- [WORK ORDER] Look through the entries below for the line with "リッチで滑らかなテクスチャー" and the line with "Sveter prodloužený úpletový", then give again exactly those two lines and all lines between them, minus the pictures.

- [THE DATA]
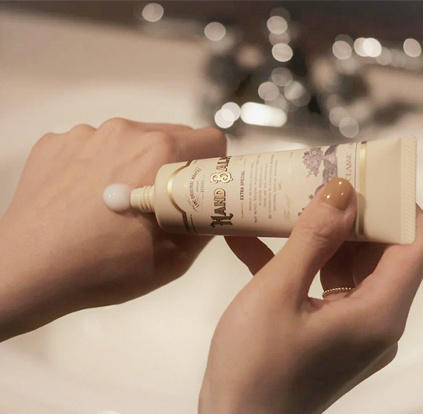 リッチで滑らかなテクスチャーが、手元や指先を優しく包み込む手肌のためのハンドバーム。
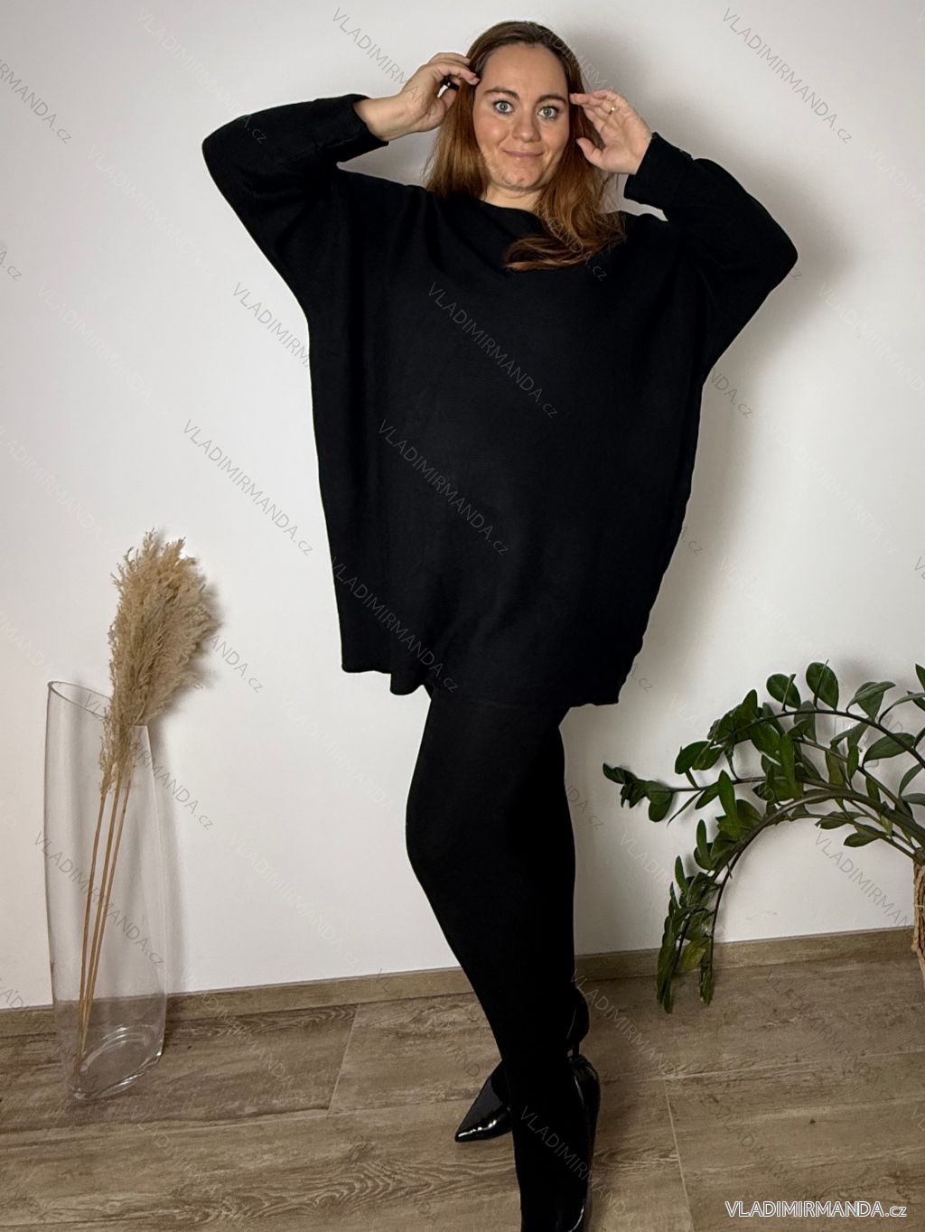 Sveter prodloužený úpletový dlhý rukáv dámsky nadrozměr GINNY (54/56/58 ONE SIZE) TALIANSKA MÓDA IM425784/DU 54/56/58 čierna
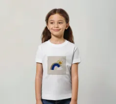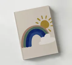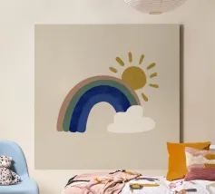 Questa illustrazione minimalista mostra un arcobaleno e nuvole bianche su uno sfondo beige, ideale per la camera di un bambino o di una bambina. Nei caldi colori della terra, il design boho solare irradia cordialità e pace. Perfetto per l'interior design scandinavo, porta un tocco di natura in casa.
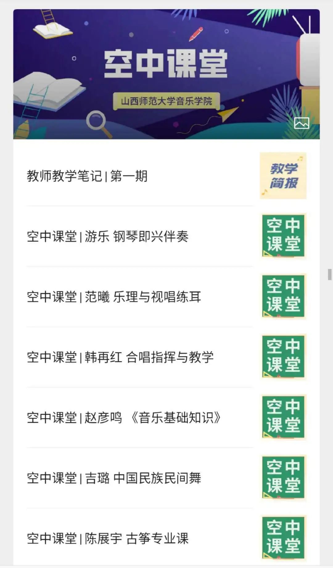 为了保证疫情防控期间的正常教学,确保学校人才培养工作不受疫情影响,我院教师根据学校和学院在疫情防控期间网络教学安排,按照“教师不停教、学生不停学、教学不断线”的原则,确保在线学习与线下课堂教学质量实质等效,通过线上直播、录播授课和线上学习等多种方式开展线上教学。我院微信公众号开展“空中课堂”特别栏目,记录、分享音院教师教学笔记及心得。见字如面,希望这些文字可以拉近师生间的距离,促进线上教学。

...

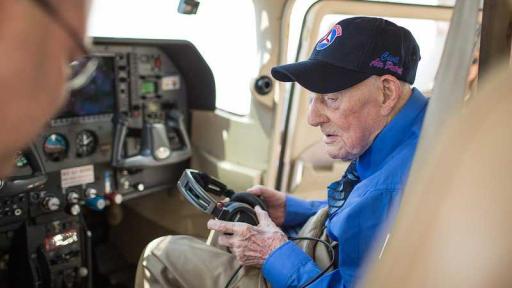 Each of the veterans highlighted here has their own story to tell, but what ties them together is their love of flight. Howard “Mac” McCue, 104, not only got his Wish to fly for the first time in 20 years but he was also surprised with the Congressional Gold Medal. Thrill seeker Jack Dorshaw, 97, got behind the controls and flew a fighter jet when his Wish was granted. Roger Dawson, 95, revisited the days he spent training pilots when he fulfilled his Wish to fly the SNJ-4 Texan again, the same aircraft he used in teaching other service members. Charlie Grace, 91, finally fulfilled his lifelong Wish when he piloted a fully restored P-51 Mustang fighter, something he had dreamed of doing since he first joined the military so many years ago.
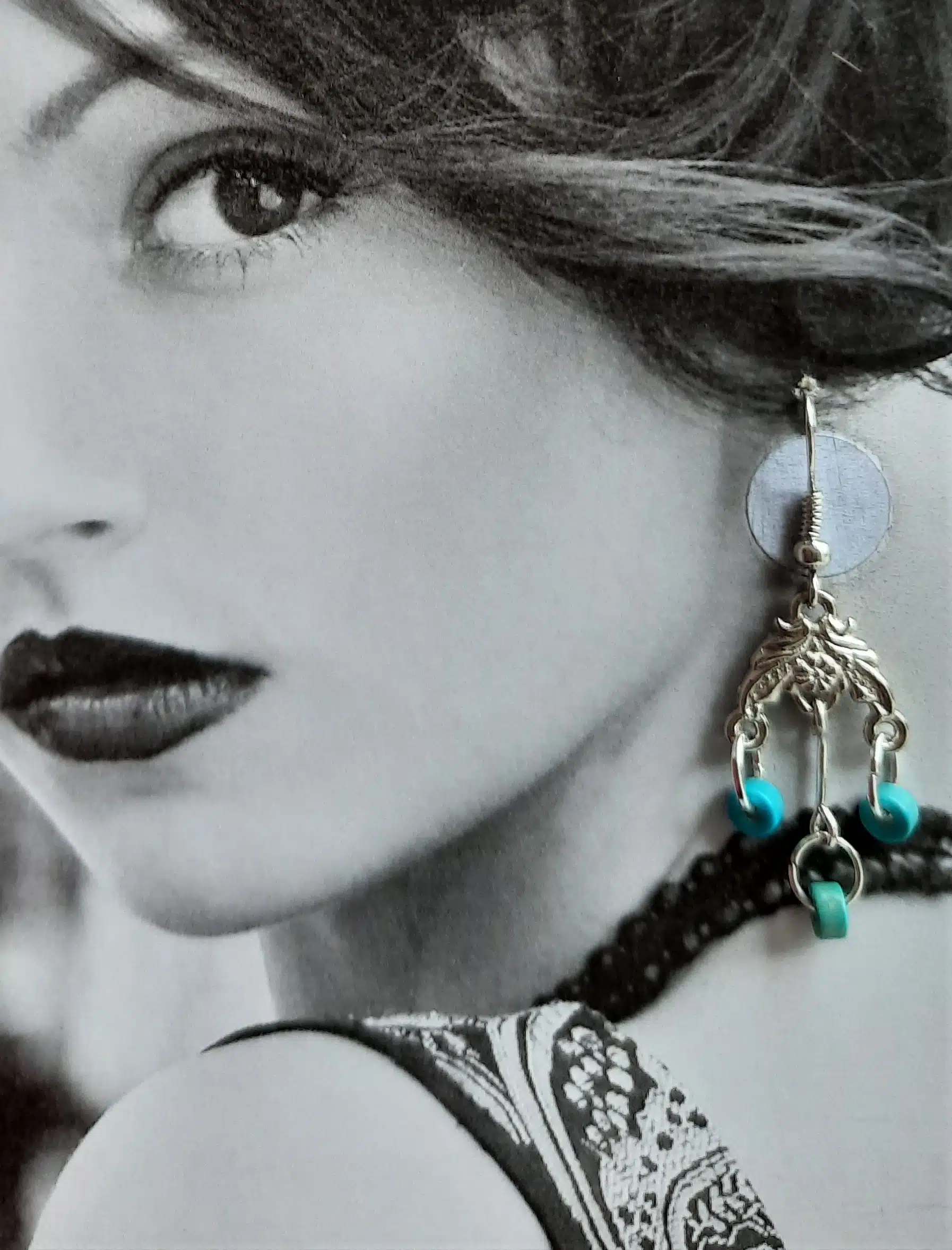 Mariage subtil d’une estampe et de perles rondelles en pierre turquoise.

- [ANSWER TO THE EXERCISE]
 リッチで滑らかなテクスチャーが、手元や指先を優しく包み込む手肌のためのハンドバーム。
 Sveter prodloužený úpletový dlhý rukáv dámsky nadrozměr GINNY (54/56/58 ONE SIZE) TALIANSKA MÓDA IM425784/DU 54/56/58 čierna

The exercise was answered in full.